Barani offered conflicting explanations for the Sultan’s motives. He attributed it partly to Muhammad bin Tughlaq’s imperial ambitions that required a large standing army and thus an expanded treasury. He also blamed the Sultan’s generous spending and lavish rewards for depleting the treasury, necessitating a substitute for silver and gold coins. However, this theory is disputed—when the scheme failed, the Sultan redeemed the token currency in precious metals, indicating that silver and gold reserves were not exhausted.
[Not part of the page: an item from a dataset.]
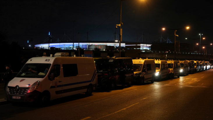 Παράλληλα, η αστυνομία του Παρισιού έχει κατατάξει τον αγώνα στις εκδηλώσεις υψηλού κινδύνου και έχει επιστρατεύσει 4.000 αστυνομικούς για την προστασία του, εκ των οποίων οι 2.500 βρίσκονται σε περιμετρική επιτήρηση του σταδίου. Περίπου 20.000 θεατές θα παρακολουθήσουν την αναμέτρηση στο Στάδιο της Γαλλίας, καταλαμβάνοντας το ένα τέταρτο της χωρητικότητάς του. Για λόγους ασφαλείας, έχουν τοποθετηθεί μεταλλικά κιγκλιδώματα γύρω από τον αγωνιστικό χώρο, αποτρέποντας οποιαδήποτε πιθανότητα εισόδου στο γήπεδο.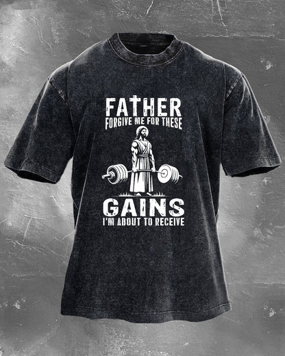 FATHER FORGIVE ME FOR THESE GAINS T-SHIRT

The principal reason for the failure was the Sultan’s inability to control counterfeiting. Barani famously wrote that “the house of every Hindu became a mint,” likely referring to skilled Hindu goldsmiths who mass-produced counterfeit coins. These fake coins flooded the market, causing rapid depreciation. Revenue officials in the countryside paid taxes with forgeries and used them to buy horses and weapons, deepening the financial chaos.
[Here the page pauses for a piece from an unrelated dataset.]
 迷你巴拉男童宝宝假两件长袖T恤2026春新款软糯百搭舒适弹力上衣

Eventually, the token currency lost all credibility, described by chroniclers as being “as worthless as stones and potsherds.” Trade and commerce suffered, prompting the Sultan to withdraw the currency. While genuine coins from royal mints were redeemed in silver and gold, the forgeries were not accepted and were reportedly dumped in heaps outside the fort—symbolic of the scheme’s collapse.
The use of brass and bronze in coinage was unprecedented among earlier Delhi Sultans. As Professor Muhammad Habib noted, these coins bore inscriptions in Persian and Arabic with distinctive marks. However, the public was largely unaware of these features, making it easy for counterfeit coins to circulate and undermining trust in the system.
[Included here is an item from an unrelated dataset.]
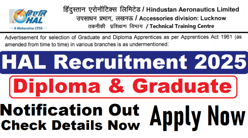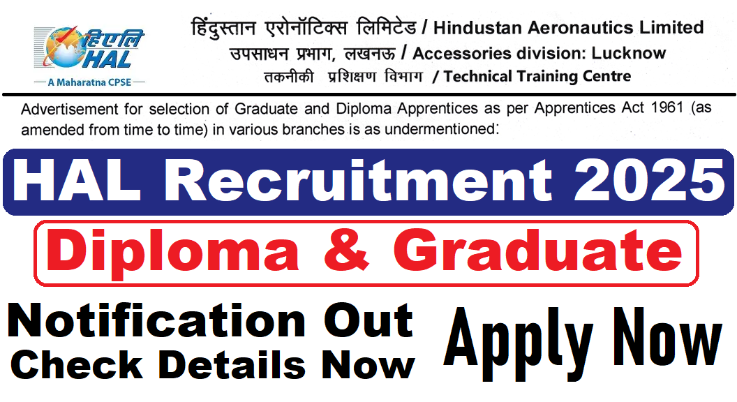 HAL Lucknow Apprentice Recruitment 2025, Diploma & Graduate Pass Latest Vacancy 2025, 22/12/2025 Last Date

Despite its potential—particularly during a global silver shortage, as shown by Tughlaq reducing the silver content in his tanka from 178 grains to 140—the scheme was abandoned by 1333. With no coins issued after 732 Hijri (1332–33), and no mention of it in Ibn Battutah’s account from 1334, the experiment swiftly faded from public memory.
Context and Background( Short Notes)
- Post-Deccan campaigns and administrative experiments, Muhammad bin Tughlaq attempted a radical monetary reform.
- In place of the silver tanka and copper jital, the Sultan introduced a bronze token coin (BIRANJ) that was declared to have the same value as the silver tanka.
Nature of the Symbolic Coin
- Terminology:
- Silver coin: Tanka
- Copper coin: Jital
- Symbolic/token coin: Bronze/brass coin, intended to replace silver coin in value.
- Metal and Script:
- Barani: The coin was made of copper.
- Ferishta: The coin was made of brass — this is supported by archaeological finds.
- Script:
- Arabic used in ordinary coins (usually with religious content).
- Persian used in symbolic coins with the inscription: “Issued during the reign of Muhammad Tughlaq.”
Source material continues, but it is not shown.